- [ASSIGNED TASK]: Repeat the data in full and exactly. Leave the pictures out.

- [COLLECTED DATA]:
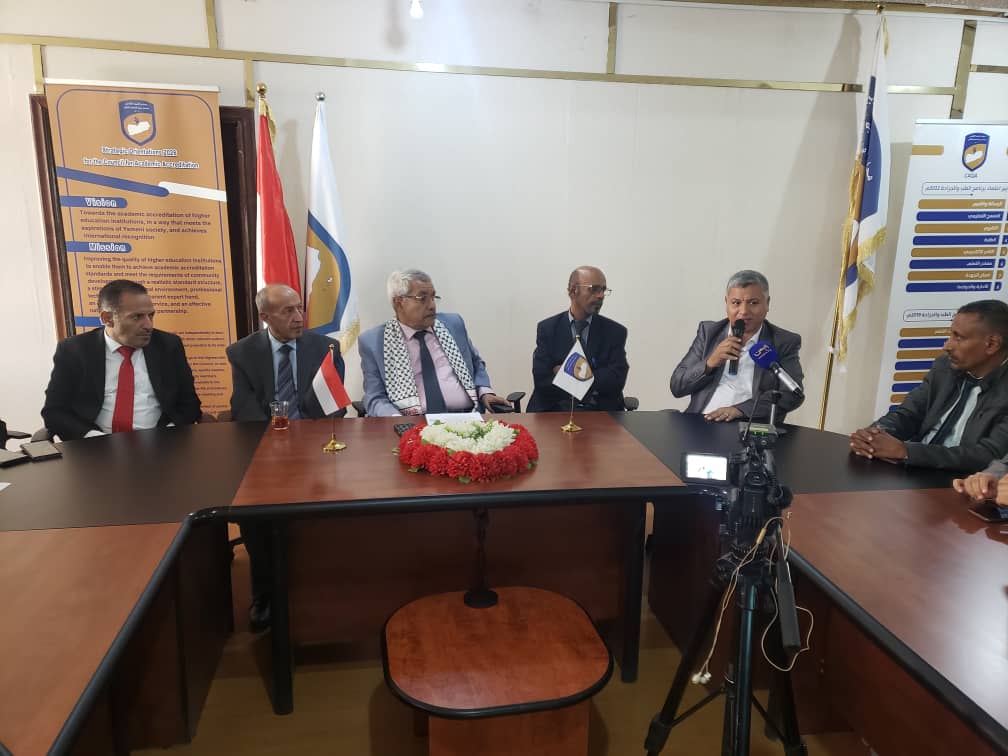 وأثنى على دور قيادة ومنتسبي مجلس الاعتماد الأكاديمي في تقديم الدعم الفني والاستشاري والتعاون مع الجامعة في كل البرنامج للأخذ بيدها وإيصالها إلى الاعتماد الأكاديمي.. منوهاً بجهود السلطة المحلية بالمحافظة في دعم وإسناد الجامعة كونها أحد الصروح العلمية الشامخة.
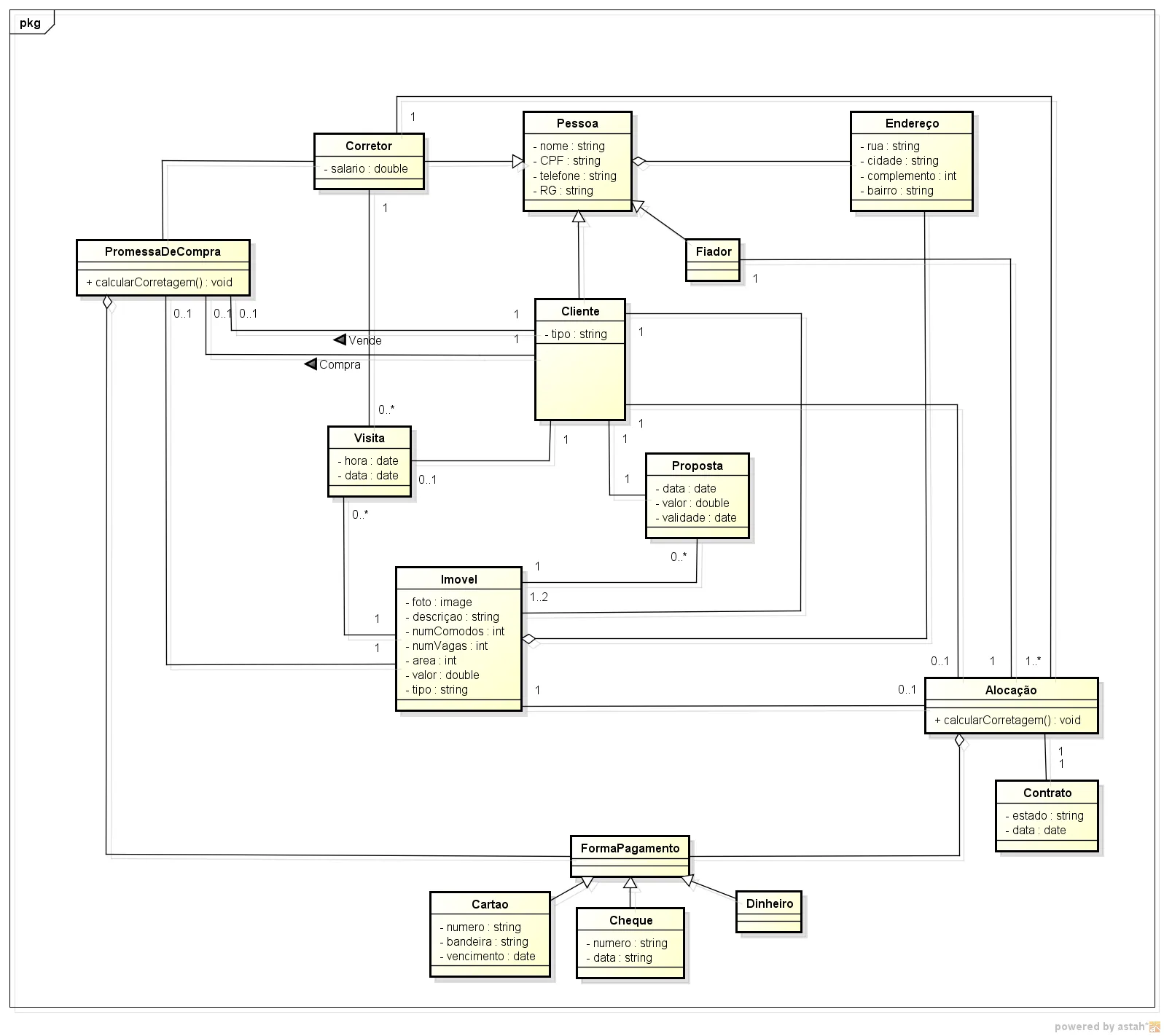 Os corretores possuem salário fixo e recebem também comissão de 10% para imóveis vendidos e de 2% para cada imóvel locado. Entretanto, o sistema não fará a folha de pagamento dos funcionários mas, ao registrar uma venda ou locação, deverá armazenar o valor da comissão do corretor.
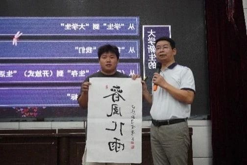 张云峰书记一上台便以幽默诙谐的语言调动了活动气氛,现场掌声十分热烈。而后,他从环境、人际、学习、生活等方面分析了新生在大学中可能遇到的适应问题,鼓励同学们从身、心、灵三方面进行调整,逐渐适应大学生活。此外,他还随机邀请现场同学上台分享自身感受,并赠送了自己的书画作品。接着,张云峰书记又以从“学生”到“大学生”、从“我”到“我们”、从(竞争式)“生存”到(开放式)“生活”、从“目的”到“目标”四个方面,鼓励大家树立大学生活的目标并不断努力,争取实现自我超越!
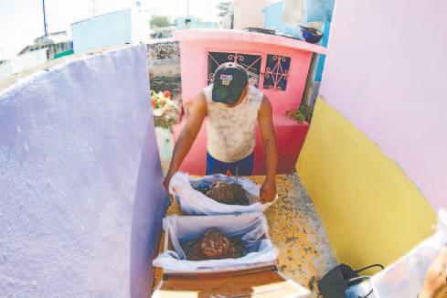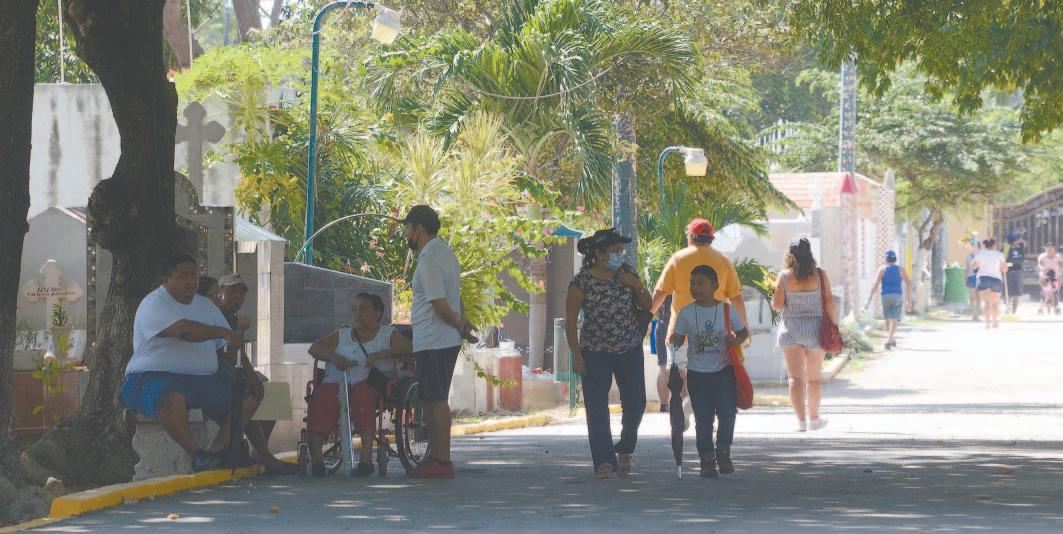 birnos aquí en su casita”, expresó. Al caer la tarde, el cementerio de la ciudad de Cancún lucía con más color por las fl ores que las familias les dejaron a sus difuntos, en un intento por conectar nuevamente con ellos durante estas fechas.

- [SOLUTION]:
 وأثنى على دور قيادة ومنتسبي مجلس الاعتماد الأكاديمي في تقديم الدعم الفني والاستشاري والتعاون مع الجامعة في كل البرنامج للأخذ بيدها وإيصالها إلى الاعتماد الأكاديمي.. منوهاً بجهود السلطة المحلية بالمحافظة في دعم وإسناد الجامعة كونها أحد الصروح العلمية الشامخة.
 Os corretores possuem salário fixo e recebem também comissão de 10% para imóveis vendidos e de 2% para cada imóvel locado. Entretanto, o sistema não fará a folha de pagamento dos funcionários mas, ao registrar uma venda ou locação, deverá armazenar o valor da comissão do corretor.
 张云峰书记一上台便以幽默诙谐的语言调动了活动气氛,现场掌声十分热烈。而后,他从环境、人际、学习、生活等方面分析了新生在大学中可能遇到的适应问题,鼓励同学们从身、心、灵三方面进行调整,逐渐适应大学生活。此外,他还随机邀请现场同学上台分享自身感受,并赠送了自己的书画作品。接着,张云峰书记又以从“学生”到“大学生”、从“我”到“我们”、从(竞争式)“生存”到(开放式)“生活”、从“目的”到“目标”四个方面,鼓励大家树立大学生活的目标并不断努力,争取实现自我超越!
 birnos aquí en su casita”, expresó. Al caer la tarde, el cementerio de la ciudad de Cancún lucía con más color por las fl ores que las familias les dejaron a sus difuntos, en un intento por conectar nuevamente con ellos durante estas fechas.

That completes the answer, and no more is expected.